Assigned task.
Take the lines below from the one with "Results of saline" through the one with "Here, you can" and print only them, exactly. Don't print the pictures.

Available data.
####

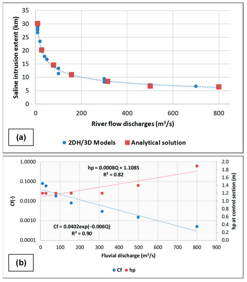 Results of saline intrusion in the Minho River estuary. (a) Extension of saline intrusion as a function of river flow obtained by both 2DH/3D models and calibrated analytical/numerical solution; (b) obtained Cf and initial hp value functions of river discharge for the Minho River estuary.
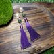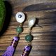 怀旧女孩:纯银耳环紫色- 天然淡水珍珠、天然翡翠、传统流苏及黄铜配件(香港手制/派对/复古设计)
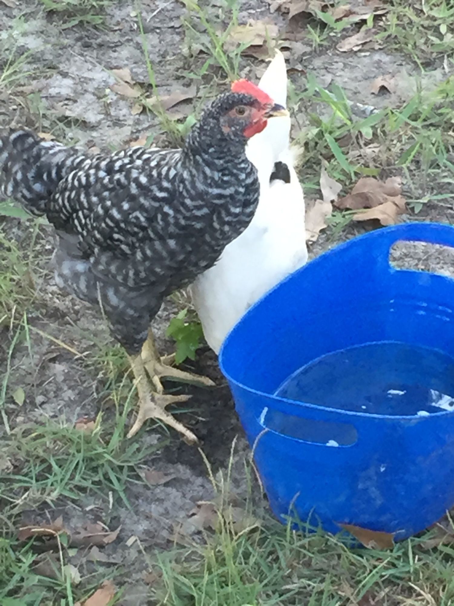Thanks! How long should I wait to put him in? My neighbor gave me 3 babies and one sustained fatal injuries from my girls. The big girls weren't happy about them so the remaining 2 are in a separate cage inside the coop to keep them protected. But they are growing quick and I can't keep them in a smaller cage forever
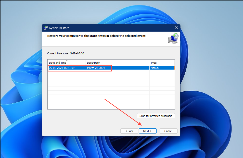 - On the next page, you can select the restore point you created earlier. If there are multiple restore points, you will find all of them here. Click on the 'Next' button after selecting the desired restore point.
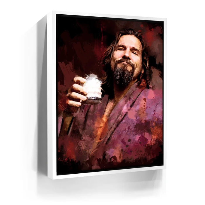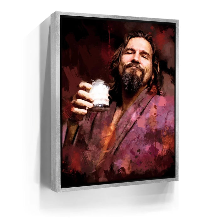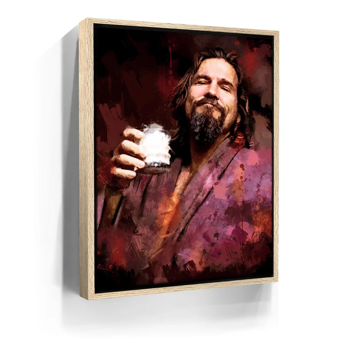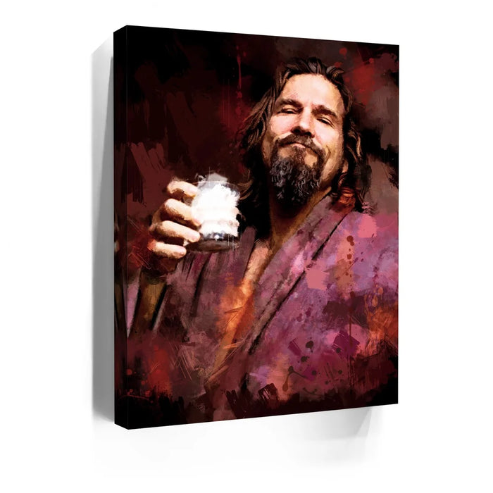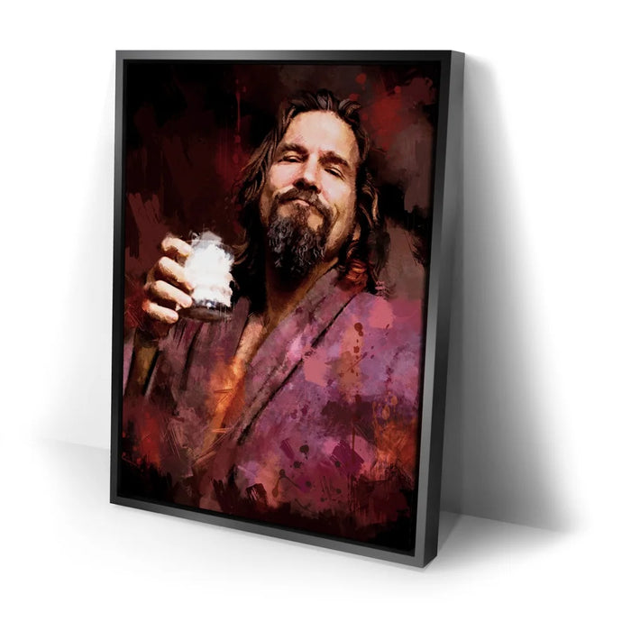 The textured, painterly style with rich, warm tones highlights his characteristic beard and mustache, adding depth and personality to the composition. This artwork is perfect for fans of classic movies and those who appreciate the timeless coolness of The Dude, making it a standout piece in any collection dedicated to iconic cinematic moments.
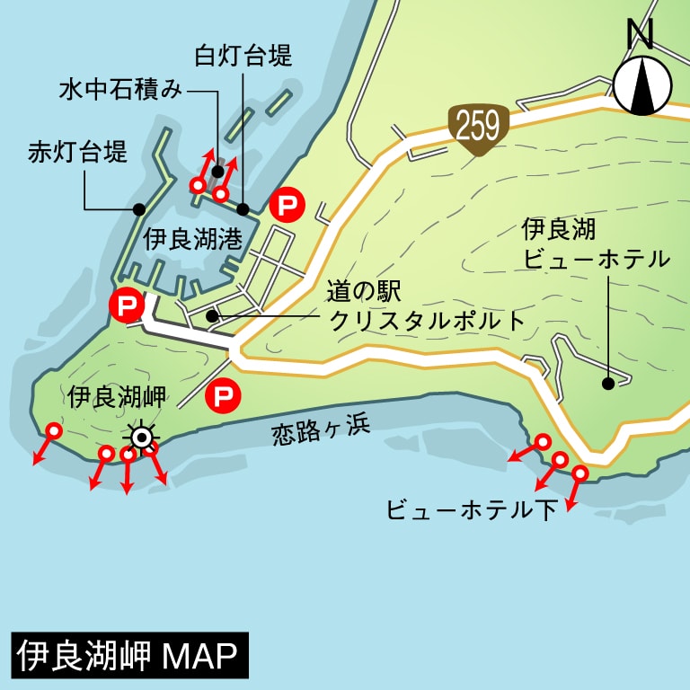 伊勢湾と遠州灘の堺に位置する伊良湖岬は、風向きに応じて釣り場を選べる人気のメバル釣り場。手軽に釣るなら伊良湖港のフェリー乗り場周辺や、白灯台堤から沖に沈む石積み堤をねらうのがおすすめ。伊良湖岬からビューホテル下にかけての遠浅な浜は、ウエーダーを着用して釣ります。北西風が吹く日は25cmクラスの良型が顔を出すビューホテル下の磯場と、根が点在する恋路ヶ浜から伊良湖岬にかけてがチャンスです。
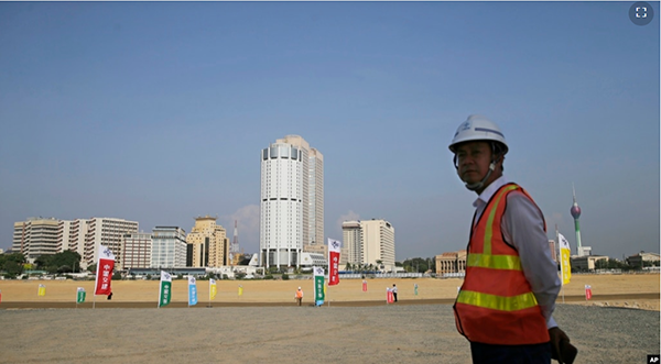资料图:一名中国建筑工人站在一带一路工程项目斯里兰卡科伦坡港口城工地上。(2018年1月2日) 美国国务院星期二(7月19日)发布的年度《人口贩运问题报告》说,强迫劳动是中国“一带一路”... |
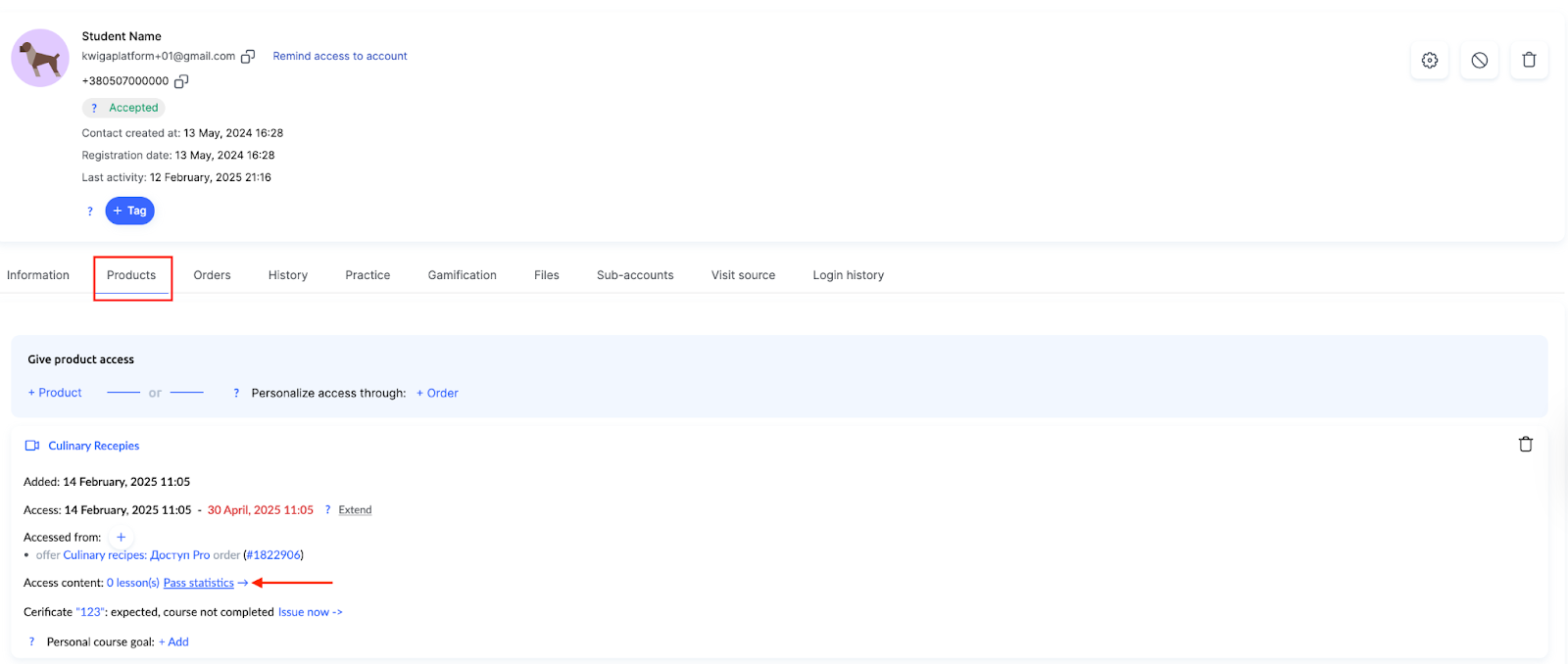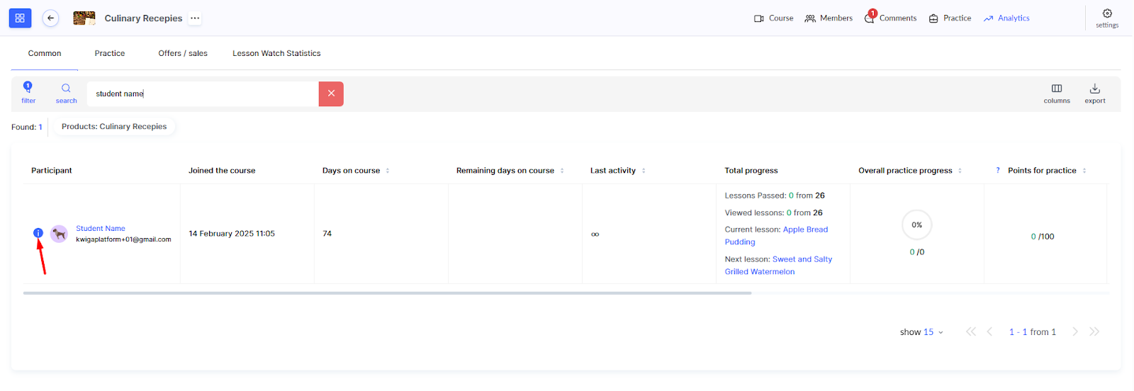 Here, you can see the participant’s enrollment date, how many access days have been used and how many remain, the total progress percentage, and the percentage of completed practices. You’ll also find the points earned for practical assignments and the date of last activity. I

####

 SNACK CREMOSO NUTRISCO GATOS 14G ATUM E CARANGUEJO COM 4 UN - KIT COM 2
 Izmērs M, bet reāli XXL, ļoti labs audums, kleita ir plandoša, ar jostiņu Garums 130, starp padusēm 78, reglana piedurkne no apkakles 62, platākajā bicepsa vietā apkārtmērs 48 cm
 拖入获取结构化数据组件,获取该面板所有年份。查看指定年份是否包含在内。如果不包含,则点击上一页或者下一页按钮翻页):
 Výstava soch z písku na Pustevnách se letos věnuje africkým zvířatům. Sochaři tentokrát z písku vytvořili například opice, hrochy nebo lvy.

####

Solution to the problem.
 Results of saline intrusion in the Minho River estuary. (a) Extension of saline intrusion as a function of river flow obtained by both 2DH/3D models and calibrated analytical/numerical solution; (b) obtained Cf and initial hp value functions of river discharge for the Minho River estuary.
 怀旧女孩:纯银耳环紫色- 天然淡水珍珠、天然翡翠、传统流苏及黄铜配件(香港手制/派对/复古设计)
Thanks! How long should I wait to put him in? My neighbor gave me 3 babies and one sustained fatal injuries from my girls. The big girls weren't happy about them so the remaining 2 are in a separate cage inside the coop to keep them protected. But they are growing quick and I can't keep them in a smaller cage forever
 - On the next page, you can select the restore point you created earlier. If there are multiple restore points, you will find all of them here. Click on the 'Next' button after selecting the desired restore point.
 The textured, painterly style with rich, warm tones highlights his characteristic beard and mustache, adding depth and personality to the composition. This artwork is perfect for fans of classic movies and those who appreciate the timeless coolness of The Dude, making it a standout piece in any collection dedicated to iconic cinematic moments.
 伊勢湾と遠州灘の堺に位置する伊良湖岬は、風向きに応じて釣り場を選べる人気のメバル釣り場。手軽に釣るなら伊良湖港のフェリー乗り場周辺や、白灯台堤から沖に沈む石積み堤をねらうのがおすすめ。伊良湖岬からビューホテル下にかけての遠浅な浜は、ウエーダーを着用して釣ります。北西風が吹く日は25cmクラスの良型が顔を出すビューホテル下の磯場と、根が点在する恋路ヶ浜から伊良湖岬にかけてがチャンスです。
资料图:一名中国建筑工人站在一带一路工程项目斯里兰卡科伦坡港口城工地上。(2018年1月2日) 美国国务院星期二(7月19日)发布的年度《人口贩运问题报告》说,强迫劳动是中国“一带一路”... |
 Here, you can see the participant’s enrollment date, how many access days have been used and how many remain, the total progress percentage, and the percentage of completed practices. You’ll also find the points earned for practical assignments and the date of last activity. I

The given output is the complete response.